Understanding why nutritional demands escalate in pregnancy requires understanding the physiological changes that occur across three trimesters. The governing principle is straightforward: a woman is now supporting two organisms — her own expanded physiology and a growing fetus — with a single alimentary tract.

Iron requirements increase dramatically: a non-pregnant woman requires approximately 1–2 mg absorbed iron per day; in the second and third trimesters this rises to 6–7 mg/day, far exceeding what most Indian diets can provide bioavailably. The main drivers are the expansion of maternal red cell mass (requiring ~500 mg elemental iron), fetal and placental iron deposition (~300 mg), and expected blood loss at delivery (~200 mg). Total additional iron requirement across pregnancy is approximately 1,000 mg — impossible to source from diet alone in a resource-limited setting, which is why supplementation is mandatory rather than optional.

Folate (folic acid/vitamin B9) is required for DNA synthesis and cell division. The neural tube closes between days 22–28 post-fertilisation, making the periconceptional window critical. Later in pregnancy, folate supports rapid fetal cell replication, placental development, and prevention of megaloblastic anaemia. Folic acid from dietary sources (leafy green vegetables, legumes) is poorly absorbed; synthetic folic acid in supplements has approximately 70% higher bioavailability.

Calcium is required for fetal skeletal mineralisation, which accelerates sharply from 20 weeks onward. The fetus deposits approximately 200–250 mg of calcium per day in the third trimester. The maternal parathyroid compensates by increasing intestinal absorption, but in women with low dietary calcium intake (as is common in rural India), supplementation is necessary. Adequate calcium supplementation also reduces the risk of pre-eclampsia — a benefit that has led WHO to recommend calcium supplementation (1.5–2 g/day) specifically in populations with low dietary calcium intake.

Iodine deficiency causes cretinism and cognitive impairment in the neonate; the maternal requirement increases from 150 µg/day to 220 µg/day in pregnancy. Use of iodised salt is the primary strategy; in iodine-deficient areas, direct supplementation is recommended.

Vitamin D is required for calcium absorption; deficiency is highly prevalent in India despite abundant sunlight due to skin pigmentation, cultural clothing practices, and indoor work. Requirements increase to 600 IU/day in pregnancy.

SELF-CHECK

A pregnant woman at 24 weeks has haemoglobin of 10.3 g/dL (mild anaemia).

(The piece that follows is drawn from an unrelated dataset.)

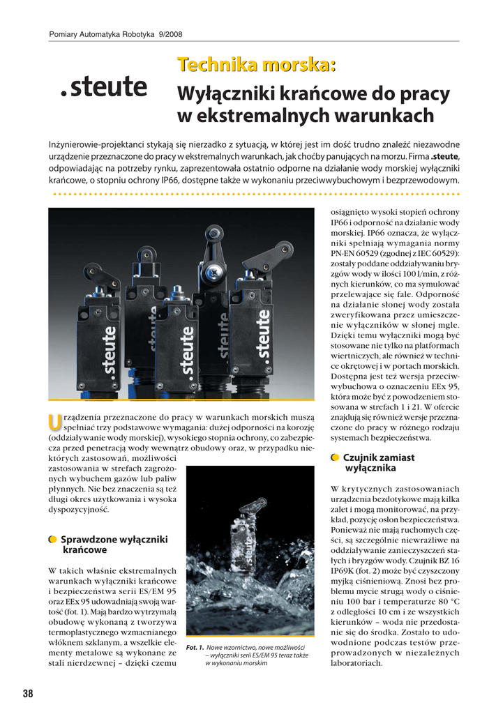 Pomiary Automatyka Robotyka 9/2008 Technika morska: Wyłączniki krańcowe do pracy w ekstremalnych warunkach Inżynierowie-projektanci stykają się nierzadko z sytuacją, w której jest im dość trudno znaleźć niezawodne urządzenie przeznaczone do pracy w ekstremalnych warunkach, jak choćby panujących na morzu. Firma .steute, odpowiadając na potrzeby rynku, zaprezentowała ostatnio odporne na działanie wody morskiej wyłączniki krańcowe, o stopniu ochrony IP66, dostępne także w wykonaniu przeciwwybuchowym i bezprzewodowym. rządzenia przeznaczone do pracy w warunkach morskich muszą spełniać trzy podstawowe wymagania: dużej odporności na korozję (oddziaływanie wody morskiej), wysokiego stopnia ochrony, co zabezpiecza przed penetracją wody wewnątrz obudowy oraz, w przypadku niektórych zastosowań, możliwości zastosowania w strefach zagrożonych wybuchem gazów lub paliw płynnych. Nie bez znaczenia są też długi okres użytkowania i wysoka dyspozycyjność. Sprawdzone wyłączniki krańcowe W takich właśnie ekstremalnych warunkach wyłączniki krańcowe i bezpieczeństwa serii ES/EM 95 oraz EEx 95 udowadniają swoją wartość (fot. 1). Mają bardzo wytrzymałą obudowę wykonaną z tworzywa termoplastycznego wzmacnianego włóknem szklanym, a wszelkie elementy metalowe są wykonane ze stali nierdzewnej – dzięki czemu 38 Fot. 1. Nowe wzornictwo, nowe możliwości – wyłączniki serii ES/EM 95 teraz także w wykonaniu morskim osiągnięto wysoki stopień ochrony IP66 i odporność na działanie wody morskiej. IP66 oznacza, że wyłączniki spełniają wymagania normy PN-EN 60529 (zgodnej z IEC 60529): zostały poddane oddziaływaniu bryzgów wody w ilości 100 l/min, z różnych kierunków, co ma symulować przelewające się fale. Odporność na działanie słonej wody została zweryfikowana przez umieszczenie wyłączników w słonej mgle. Dzięki temu wyłączniki mogą być stosowane nie tylko na platformach wiertniczych, ale również w technice okrętowej i w portach morskich. Dostępna jest też wersja przeciwwybuchowa o oznaczeniu EEx 95, która może być z powodzeniem stosowana w strefach 1 i 21. W ofercie znajdują się również wersje przeznaczone do pracy w różnego rodzaju systemach bezpieczeństwa. Czujnik zamiast wyłącznika W krytycznych zastosowaniach urządzenia bezdotykowe mają kilka zalet i mogą monitorować, na przykład, pozycję osłon bezpieczeństwa. Ponieważ nie mają ruchomych części, są szczególnie niewrażliwe na oddziaływanie zanieczyszczeń stałych i bryzgów wody. Czujnik BZ 16 IP69K (fot. 2) może być czyszczony myjką ciśnieniową. Znosi bez problemu mycie strugą wody o ciśnieniu 100 bar i temperaturze 80 °C z odległości 10 cm i ze wszystkich kierunków – woda nie przedostanie się do środka. Zostało to udowodnione podczas testów przeprowadzonych w niezależnych laboratoriach. Pomiary Automatyka Robotyka 9/2008 Zgodnie z oczekiwaniami klienta: czujnik odporny na wstrząsy W niektórych dziedzinach zastosowań w przemyśle okrętowym odporność na wstrząsy odgrywa ważną rolę. Także i tutaj jesteśmy w stanie zaproponować odpowiednie rozwiązania. Na przykład, specjalnie dla producenta łodzi podwodnych został opracowany czujnik kontrolujący pozycję zaworów, odporny na wstrząsy o sile do 400g. Nowość: samowystarczalny wyłącznik bezprzewodowy dla ekstremalnych zastosowań Fot. 2. Odporne na wilgoć: czujniki BZ 16 IP69K mogą być myte gorącą wodą pod wysokim ciśnieniem Podobnie rzecz się ma z magnetycznym czujnikiem bezpieczeństwa serii EEx RC Si M30 IP69K w obudowie cylindrycznej, wykonanej ze stali nierdzewnej (fot. 3). Ten solidny czujnik jest przeznaczony do Całkowitą nowością wśród urządzeń przeciwwybuchowych przeznaczonych do pracy w warunkach morskich są bezprzewodowe, niewymagające zasilania zewnętrznego wyłączniki serii EExF 95 (fot. 4). Transmitują bezprzewodowo sygnały sterujące, a energię niezbędną do tego celu dostarcza niewielki generator elektrodynamiczny, przetwarzający energię kinetyczną, pochodzącą z napędu wyłącznika, w energię elektryczną. Takie rozwiązanie pozwala uniknąć drogiego i podatnego na uszkodzenie w warunkach morskich okablowania. Kompletny w yłącznik radiow y jest klasyfikowany jako urządzenie Fot. 4. Bezprzewodowe i niewymagające zasilania: wyłączniki EExF 95 przeznaczone iskrobezpieczne. Dla zastosowań do pracy w strefach zagrożonych wybuw strefie 1 (zagrożenie wybuchem chem gazów) jest zaprojektowany zgodnie z normą DIN-EN 60079-11 (i) [polski odpowiednik PN-EN 60079-11 (i)], natomiast wyłączniki przeznaczone dla strefy 21 (zagrożenie wybuchem pyłu) zostały skonstruowane zgodnie z założeniami normy DIN-EN 61241-11 (iD) [polski odpowiednik PN-EN 61241-11 (iD)]. Dostępne są stosowne certyfikaty. Bogata oferta napędów pozwala na precyzyjne dostosowanie wyłącznika do konkretnej aplikacji. W ofercie firmy znajdują się także różnego rodzaju odbiorniki radiowe. .e-mail: [email protected] www.steute.pl steute: wyłączniki do złożonych zastosowań Fot. 3. Zamknięty w obudowie ze stali nierdzewnej: magnetyczny czujnik bezpieczeństwa RC Si M30 pracy w strefach zagrożonych wybuchem i zapewnia jednocześnie wysoki poziom bezpieczeństwa, ponieważ zastosowany magnes jest kodowany: czujnik nie reaguje na pole magnetyczne konwencjonalnych magnesów. Duża odległość przełączania, wynosząca 8 mm, pozwala na montaż urządzenia ukryty za niemagnetycznymi osłonami. Firma steute Schaltgeräte GmbH & Co. KG, mieszcząca się w miejscowości Löhne w Niemczech, wyspecjalizowała się w projektowaniu i produkcji bezpiecznego osprzętu łączeniowego do złożonych i krytycznych zastosowań, koncentrując się na trzech głównych dziedzinach: technice sterowania, ochronie przeciwwybuchowej oraz technice medycznej. Oferta obejmuje m.in. wyłączniki krańcowe, wyłączniki bezpieczeństwa, syst

She says she has been taking her IFA tablet every day. Which of the following is the MOST important next step?

A. Double her IFA dose to 120 mg elemental iron

B. Assess dietary habits — especially tea/coffee intake with meals — and advise on optimising iron absorption

C. Prescribe injectable iron immediately as oral iron has failed

D. Defer further investigation until the third trimester

Reveal Answer

Answer: B. Assess dietary habits — especially tea/coffee intake with meals — and advise on optimising iron absorption

Tea and coffee contain tannins that markedly inhibit non-haem iron absorption. Before escalating to injectable iron, compliance should be confirmed, and dietary factors optimised (take IFA on empty stomach or with vitamin C-rich foods; avoid tea/coffee within 1 hour of IFA). Injectable iron is reserved for severe anaemia (Hb <7 g/dL), malabsorption, or intolerance, not for mild anaemia in a patient claiming compliance.

Nutritional Assessment and Counselling Technique

A structured nutritional assessment at each ANC contact should be brief, non-judgmental, and culturally sensitive. The key elements are:

Step 1 — Anthropometric Assessment: Weigh the patient at every visit and plot on a weight-gain chart. Calculate or recall pre-pregnancy BMI. Target weight gain by pre-pregnancy BMI (IOM guidelines, adapted for Indian women): underweight (BMI <18.5) → 12.5–18 kg total; normal weight (18.5–24.9) → 11.5–16 kg; overweight (25–29.9) → 7–11.5 kg; obese (≥30) → 5–9 kg. In practice, a weight gain of approximately 1–1.5 kg/month in the second and third trimesters is acceptable as a clinical rule of thumb. Fundal height measurement complements weight gain assessment for fetal growth.

Step 2 — Dietary History: A brief 24-hour dietary recall is the most practical tool in a busy clinic. Ask about: staple grain (rice/wheat/millets), protein source (pulses/legumes/eggs/fish/meat), green leafy vegetables (spinach, methi, drumstick leaves — the most affordable iron and folate sources), dairy (milk/curd — calcium), and fruits. Identify barriers: food insecurity, cultural restrictions (e.g., taboos around egg eating in first trimester), nausea limiting intake, economic constraints.

Step 3 — Supplement Prescription: The National Health Mission (NHM) standard supplement regimen for pregnancy in India is:

  • IFA (Iron–Folic Acid) tablet — 1 tablet daily containing 60 mg elemental iron + 500 µg (0.5 mg) folic acid, starting as early as possible in pregnancy and continuing for a minimum of 180 days (6 months). This is different from the preconception tablet (0.4 mg folic acid only) — both are available at PHC free of cost.
  • Calcium supplement1 g elemental calcium per day (typically two 500 mg tablets, one twice daily), starting from the second trimester (approximately 14–20 weeks) through delivery and lactation. This is particularly important in populations with low dietary dairy intake.
  • Iodine — ensure iodised salt use. In documented deficiency areas, potassium iodide supplementation is prescribed.
  • Vitamin D — 400–600 IU/day is the standard recommendation; in women with clinical deficiency (symptoms, low sun exposure), higher replacement doses may be required under supervision.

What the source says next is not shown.